Value and income investors should appreciate that there are several powerful tailwinds that come with owning and operating healthcare facilities. I would like to highlight a couple of points, the first being the aging population and the associated additional health care costs this creates (See Chart).

Second, implementation of the Affordable Care Act will drive a significant increase in insured Americans (See Chart), which should also drive increased utilization of health care facilities across the board.

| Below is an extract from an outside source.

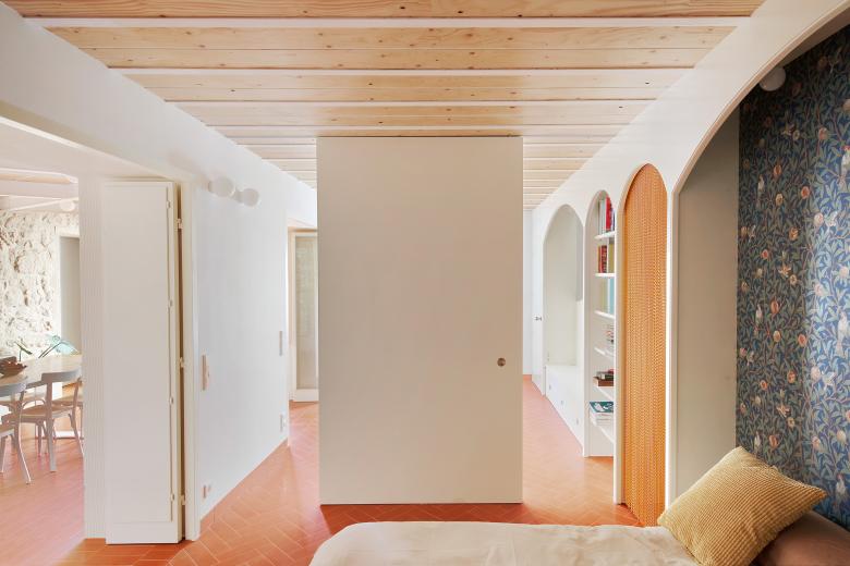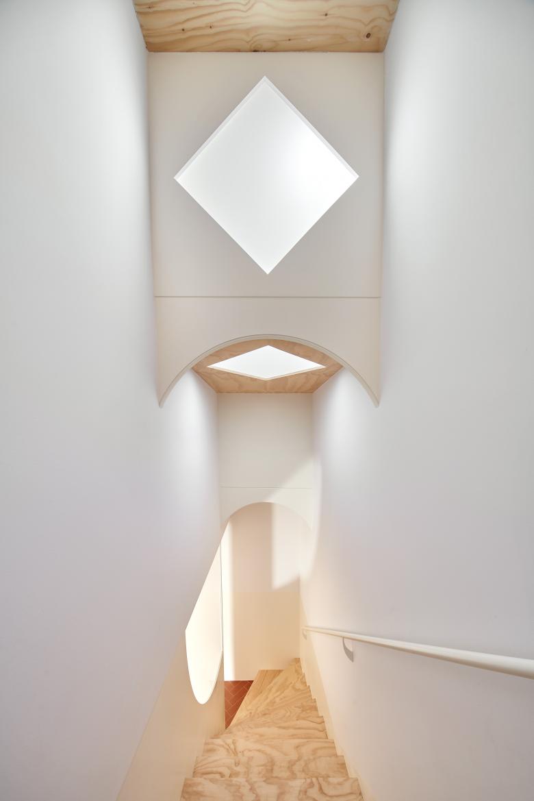 El interior de la casa reformada se organiza en tres bandas. Primero un espacio longitudinal paralelo a la terraza. Lo acompaña un retablo formado por una sucesión de nichos, un fondo poroso que acomoda muebles y espacios de servicio. Finalmente, detrás de él se sitúa la escalera longitudinal que extiende la vivienda inferior a la última planta.

After the recent decline in REITs, including HCN, the shares are priced for less than 16x next fiscal year's projected funds from operations. In addition, its yield has gone to over 4.8% from under 4.2% at this point to April.  HCN has more than doubled operating cash flow since the end of FY2010 and it should clock in with a 50% gain in revenues this fiscal year -- mainly driven by some recent acquisitions. Next year, analysts expect a more normalized five percent sales gain.


For all the talk on CNBC and Bloomberg over the last few months on how a lot of investors were waiting for a pullback to deploy new cash, some investors and pundits have become skittish now that it is a reality. I am waiting for additional declines in the market before I add to my growth portfolio as I believe it is going to be a volatile summer.

However, the 15% to 20% declines in many income stocks are already providing some good entry points. I am buying yield in energy, hotel REITs as well as other selective income opportunities.

HCN fits this strategy well as it is reasonably priced now that it has pulled back. It provides an over 4.8% yield and has good long-term growth prospects, given the aging of our population and recent acquisitions. I will be looking forward to adding it to my income portfolio on the next down day.